=== SUPPLIED RECORDS ===
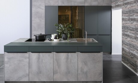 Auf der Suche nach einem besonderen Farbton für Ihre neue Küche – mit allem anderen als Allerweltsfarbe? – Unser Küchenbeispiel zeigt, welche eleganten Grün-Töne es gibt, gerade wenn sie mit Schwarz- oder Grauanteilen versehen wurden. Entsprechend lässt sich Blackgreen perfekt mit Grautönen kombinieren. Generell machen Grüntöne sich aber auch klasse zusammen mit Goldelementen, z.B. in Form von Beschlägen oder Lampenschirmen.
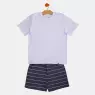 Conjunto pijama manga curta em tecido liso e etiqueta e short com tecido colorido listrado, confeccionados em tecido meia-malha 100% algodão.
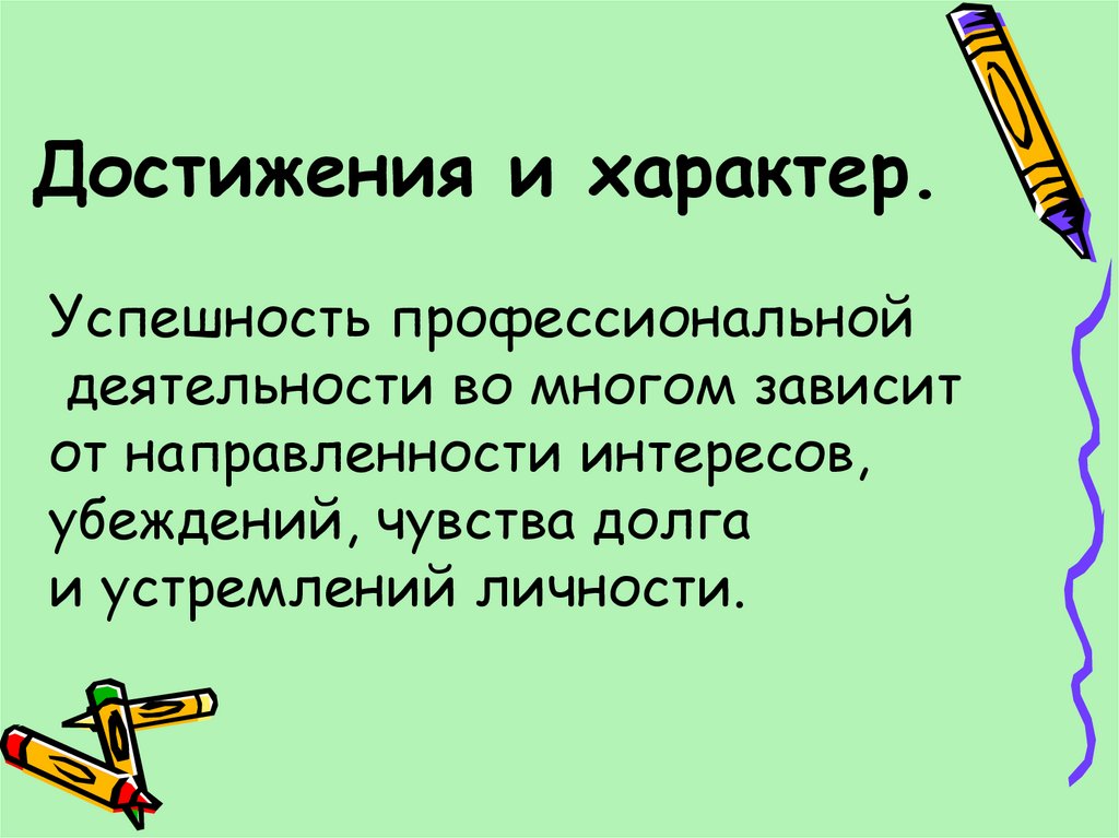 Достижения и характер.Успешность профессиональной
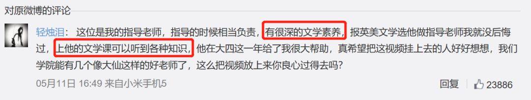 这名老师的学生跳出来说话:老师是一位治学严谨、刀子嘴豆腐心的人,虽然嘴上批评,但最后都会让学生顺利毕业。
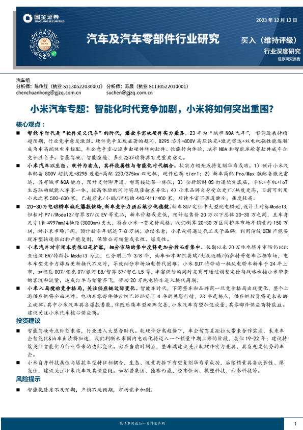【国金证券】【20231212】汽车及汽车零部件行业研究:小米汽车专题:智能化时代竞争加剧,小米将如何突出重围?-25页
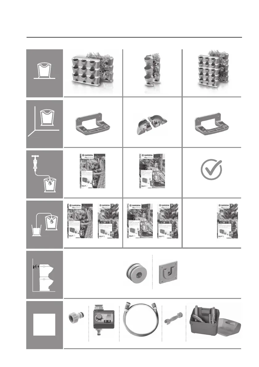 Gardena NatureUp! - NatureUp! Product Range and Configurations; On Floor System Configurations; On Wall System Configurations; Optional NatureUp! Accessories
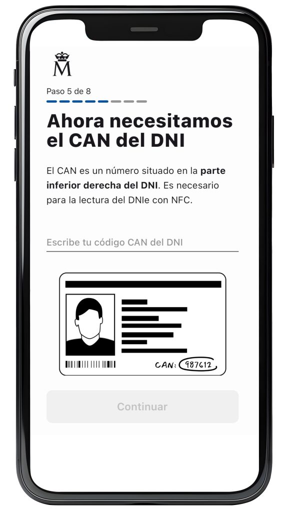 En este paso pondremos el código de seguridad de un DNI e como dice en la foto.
===
=== SUPPLIED RECORDS ===
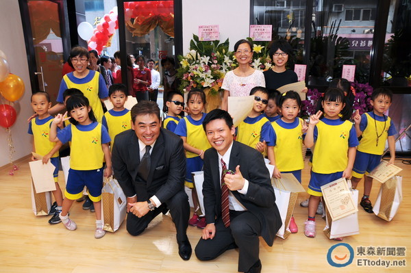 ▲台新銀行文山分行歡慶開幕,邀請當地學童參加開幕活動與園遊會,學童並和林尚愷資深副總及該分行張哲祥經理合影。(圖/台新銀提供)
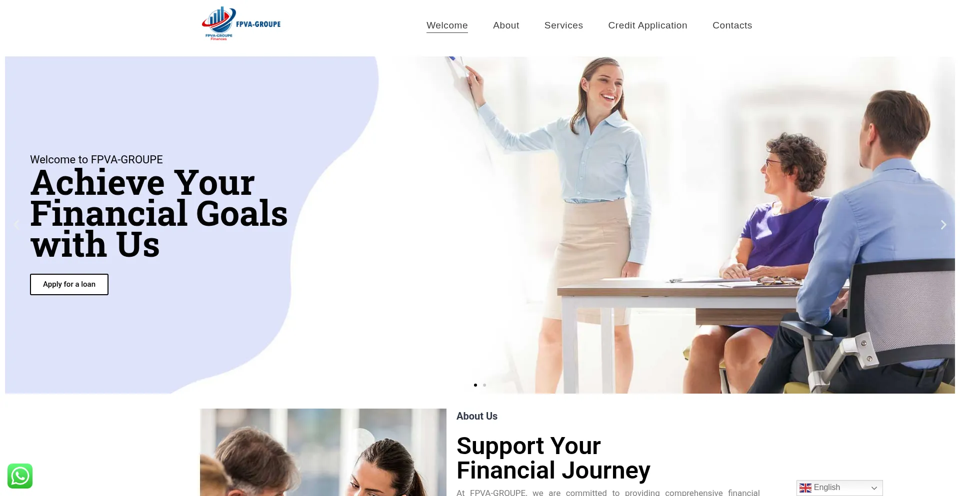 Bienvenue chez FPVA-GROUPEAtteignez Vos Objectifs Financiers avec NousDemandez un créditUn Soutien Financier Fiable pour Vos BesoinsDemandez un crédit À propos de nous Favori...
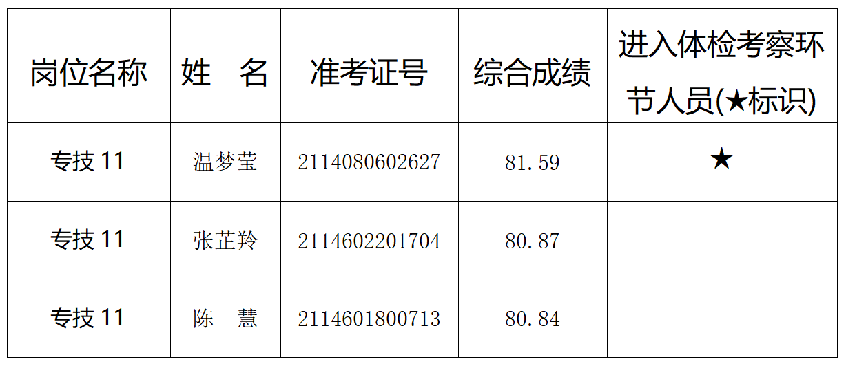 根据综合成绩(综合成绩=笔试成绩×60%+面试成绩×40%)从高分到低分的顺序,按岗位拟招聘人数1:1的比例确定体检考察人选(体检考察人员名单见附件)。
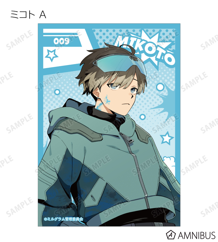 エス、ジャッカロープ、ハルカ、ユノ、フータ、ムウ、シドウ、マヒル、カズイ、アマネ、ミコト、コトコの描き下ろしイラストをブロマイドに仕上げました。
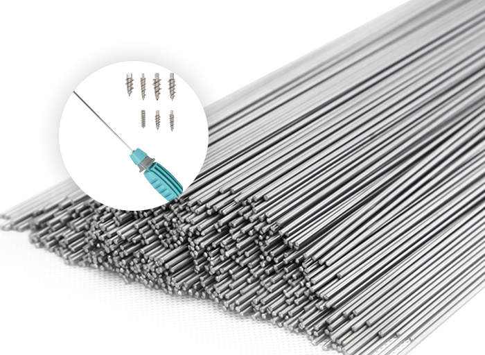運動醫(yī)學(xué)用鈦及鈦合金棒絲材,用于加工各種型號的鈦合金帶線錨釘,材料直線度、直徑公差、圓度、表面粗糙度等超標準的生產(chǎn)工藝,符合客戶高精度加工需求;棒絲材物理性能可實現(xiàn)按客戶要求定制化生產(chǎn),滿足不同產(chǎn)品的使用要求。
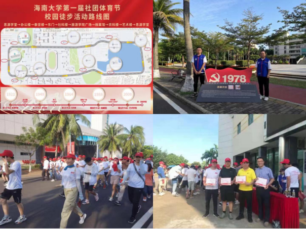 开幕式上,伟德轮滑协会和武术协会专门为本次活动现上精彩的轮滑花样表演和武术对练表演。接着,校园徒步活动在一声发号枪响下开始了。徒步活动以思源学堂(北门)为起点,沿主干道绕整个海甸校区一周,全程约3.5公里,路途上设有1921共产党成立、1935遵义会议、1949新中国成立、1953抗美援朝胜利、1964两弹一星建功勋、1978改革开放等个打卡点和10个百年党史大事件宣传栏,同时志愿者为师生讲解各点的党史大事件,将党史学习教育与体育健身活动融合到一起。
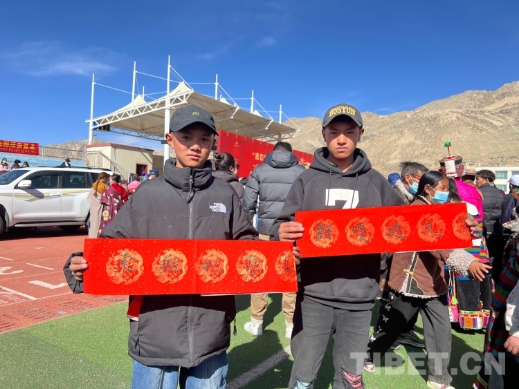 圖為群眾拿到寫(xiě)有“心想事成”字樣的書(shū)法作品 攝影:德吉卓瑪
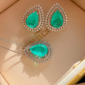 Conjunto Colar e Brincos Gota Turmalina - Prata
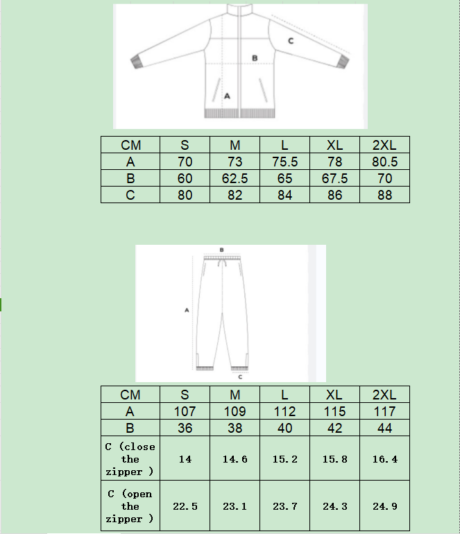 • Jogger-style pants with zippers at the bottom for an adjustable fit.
===
=== SUPPLIED RECORDS ===
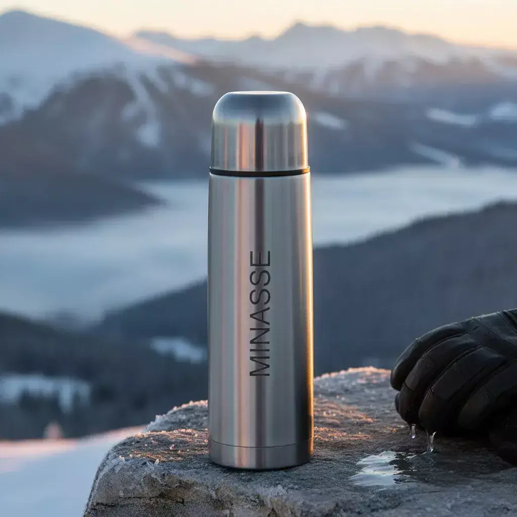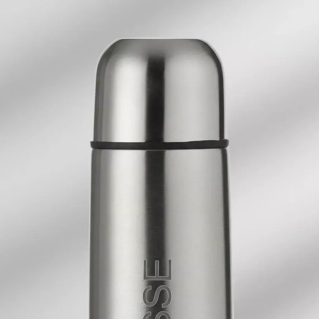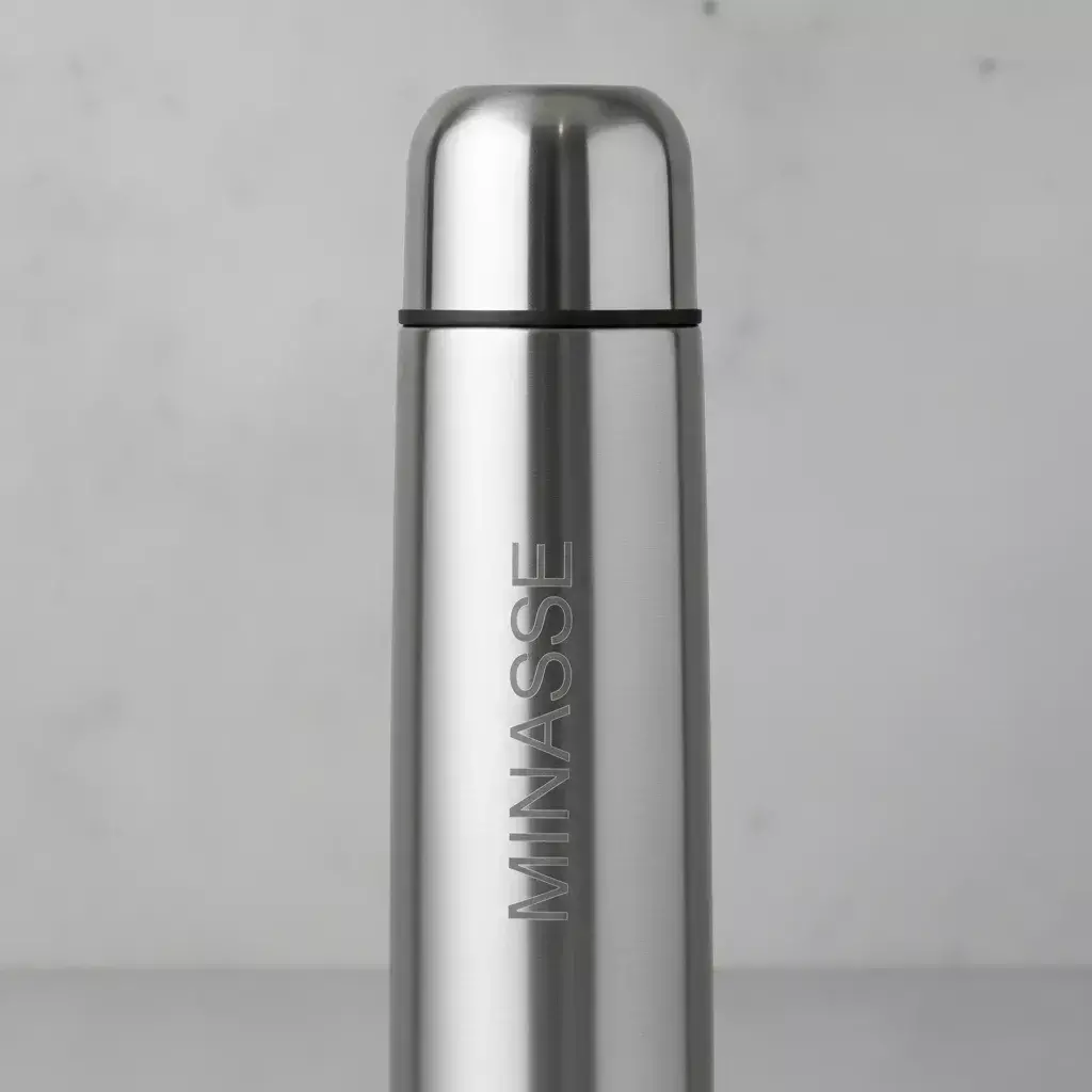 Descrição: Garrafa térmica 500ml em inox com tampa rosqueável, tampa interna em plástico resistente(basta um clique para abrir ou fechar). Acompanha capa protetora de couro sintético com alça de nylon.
===
• **TASK TO CARRY OUT**:
From the records above, copy exactly the lines starting at the one with "Достижения и характер.Успешность" and ending at the one with "En este paso", and no others. Pictures stay out.

• **ANSWER BELOW**:
 Достижения и характер.Успешность профессиональной
 这名老师的学生跳出来说话:老师是一位治学严谨、刀子嘴豆腐心的人,虽然嘴上批评,但最后都会让学生顺利毕业。
【国金证券】【20231212】汽车及汽车零部件行业研究:小米汽车专题:智能化时代竞争加剧,小米将如何突出重围?-25页
 Gardena NatureUp! - NatureUp! Product Range and Configurations; On Floor System Configurations; On Wall System Configurations; Optional NatureUp! Accessories
 En este paso pondremos el código de seguridad de un DNI e como dice en la foto.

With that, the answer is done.